For this exercise, please return exactly the line containing "Une coupe élagante" and each line after it through the end of the records, with no pictures included.
Content starts
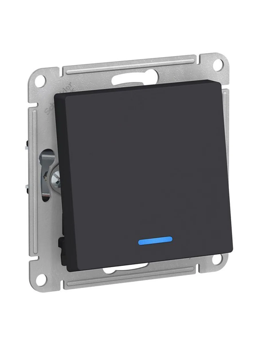 Механизм переключателя 1-клавишного с подсветкой Systeme Electric (ранее Schneider Electric) серии AtlasDesign в цвете карбон подходит для сетей 250 В, на ток 10 А. Благодаря светодиодной подсветке синего цвета изделие легко найти в темноте. Переключатель позволяют управлять одним источником света с двух точек. Лицевые детали из качественного ABS-пластика, устойчивого к царапинам и УФ-излучению. Благодаря покрытию «soft touch» к изделию приятно прикасаться.
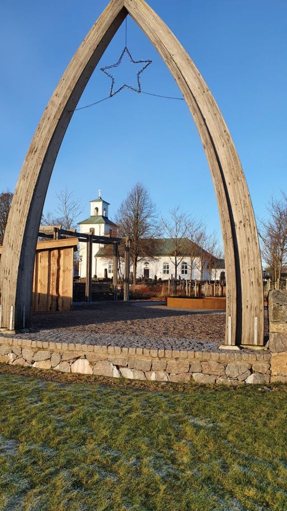 Vi gick till vår fina kyrka, Enslövs kyrka. Häromåret invigdes ett nytt gravplatsområde intill kyrkan. Det är mycket vackert, vann arkitekturpriset 2021, så det är kanske synd att jag inte fotograferade så mycket av det, men du kan läsa mer om det här. Idag ville vi titta på den stora krubban som ställs fram varje jul. Den anas till vänster i bild
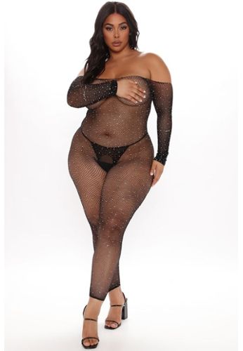 Une coupe élagante qui laisse les épaules à découvert pour cet ensemble grande taille en maille bodystocking semi-transparente.
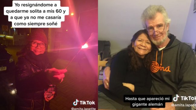 "Yo resignándome a quedarme solita a mis 60 y a que ya no me casaría como siempre soñé, hasta que apareció mi gigante alemán. Los tiempos de Dios son maravillosos", aseguró la mujer en un video de TikTok donde mostraba fotos junto a su marido.
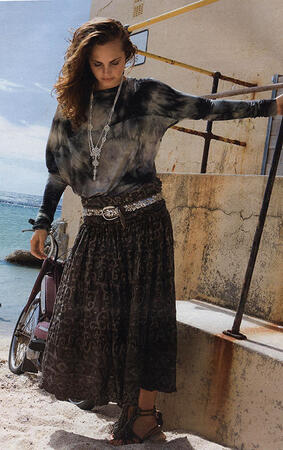 Баланс. Трикотажный пуловер с цельнокроеными рукавами "летучая мышь" пригодится в любой поездке. Один из вариантов комбинирования - с расклешенной юбкой, которая, как и пуловер, имеет широкую кокетку, но только с драпировкой.
Content ends
__Solution__:
 Une coupe élagante qui laisse les épaules à découvert pour cet ensemble grande taille en maille bodystocking semi-transparente.
 "Yo resignándome a quedarme solita a mis 60 y a que ya no me casaría como siempre soñé, hasta que apareció mi gigante alemán. Los tiempos de Dios son maravillosos", aseguró la mujer en un video de TikTok donde mostraba fotos junto a su marido.
 Баланс. Трикотажный пуловер с цельнокроеными рукавами "летучая мышь" пригодится в любой поездке. Один из вариантов комбинирования - с расклешенной юбкой, которая, как и пуловер, имеет широкую кокетку, но только с драпировкой.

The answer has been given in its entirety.